Your goal:
Could you return the data that follows exactly, minus the images?

Raw data:
---
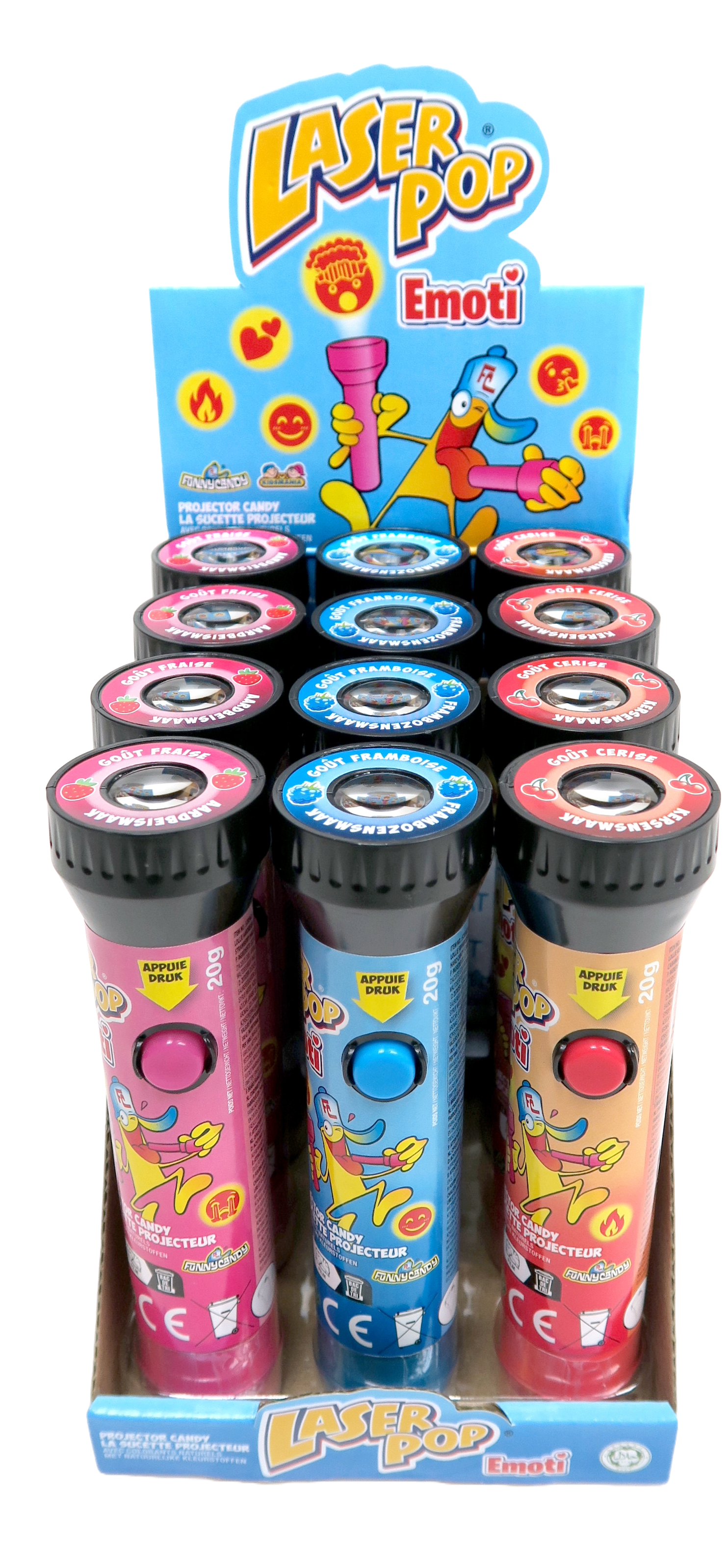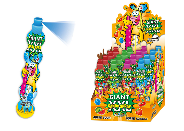 Un grand bonbon 2 en 1 de 25 cm : un spray de 50 ml au dessus et un tube de poudre acidulée de 80 gr en dessous. 3 associations de parfum différent: fraise/ Cola, framboise/ fraise et cola/ framboise.
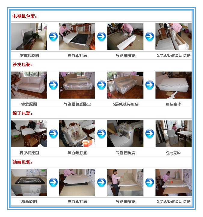 可拆卸家具一定要拆卸后包裝再進(jìn)行運(yùn)輸,家具的漆面要用硬紙板包裹,角部需要用護(hù)角包裝,電器需要采用紙箱或者木箱方式包裝,不允許有裸露無包裝部分,否則出現(xiàn)貨物破損不予以賠償。
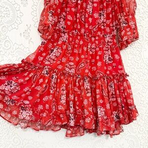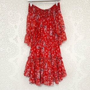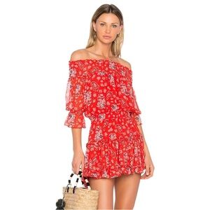 MISA Los Angeles Darla Off the Shoulder Dress Red Paisley
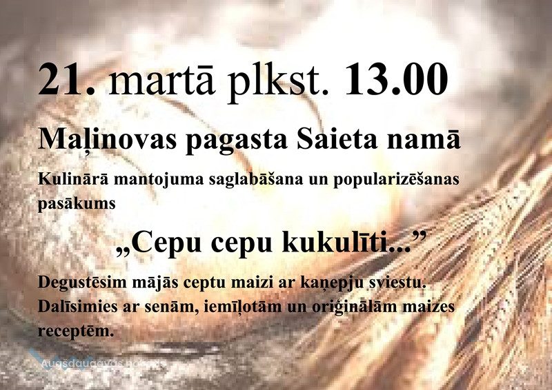 Kulinārā mantojuma pasākums “Cepu, cepu kukulīti”15.03.2018Kultūra 21.martā plkst. 13.00 Maļinovas pagasta Saieta namā visi aicināti uz kulinārā mantojuma saglabāšanas un popularizēšanas pasākumu. Dalīsimies maizes receptēm, degustēsim pašceptu maizi ar kaņepju sviestu.Visi laipni aicināti!
---
Expected output:
 Un grand bonbon 2 en 1 de 25 cm : un spray de 50 ml au dessus et un tube de poudre acidulée de 80 gr en dessous. 3 associations de parfum différent: fraise/ Cola, framboise/ fraise et cola/ framboise.
 可拆卸家具一定要拆卸后包裝再進(jìn)行運(yùn)輸,家具的漆面要用硬紙板包裹,角部需要用護(hù)角包裝,電器需要采用紙箱或者木箱方式包裝,不允許有裸露無包裝部分,否則出現(xiàn)貨物破損不予以賠償。
 MISA Los Angeles Darla Off the Shoulder Dress Red Paisley
 Kulinārā mantojuma pasākums “Cepu, cepu kukulīti”15.03.2018Kultūra 21.martā plkst. 13.00 Maļinovas pagasta Saieta namā visi aicināti uz kulinārā mantojuma saglabāšanas un popularizēšanas pasākumu. Dalīsimies maizes receptēm, degustēsim pašceptu maizi ar kaņepju sviestu.Visi laipni aicināti!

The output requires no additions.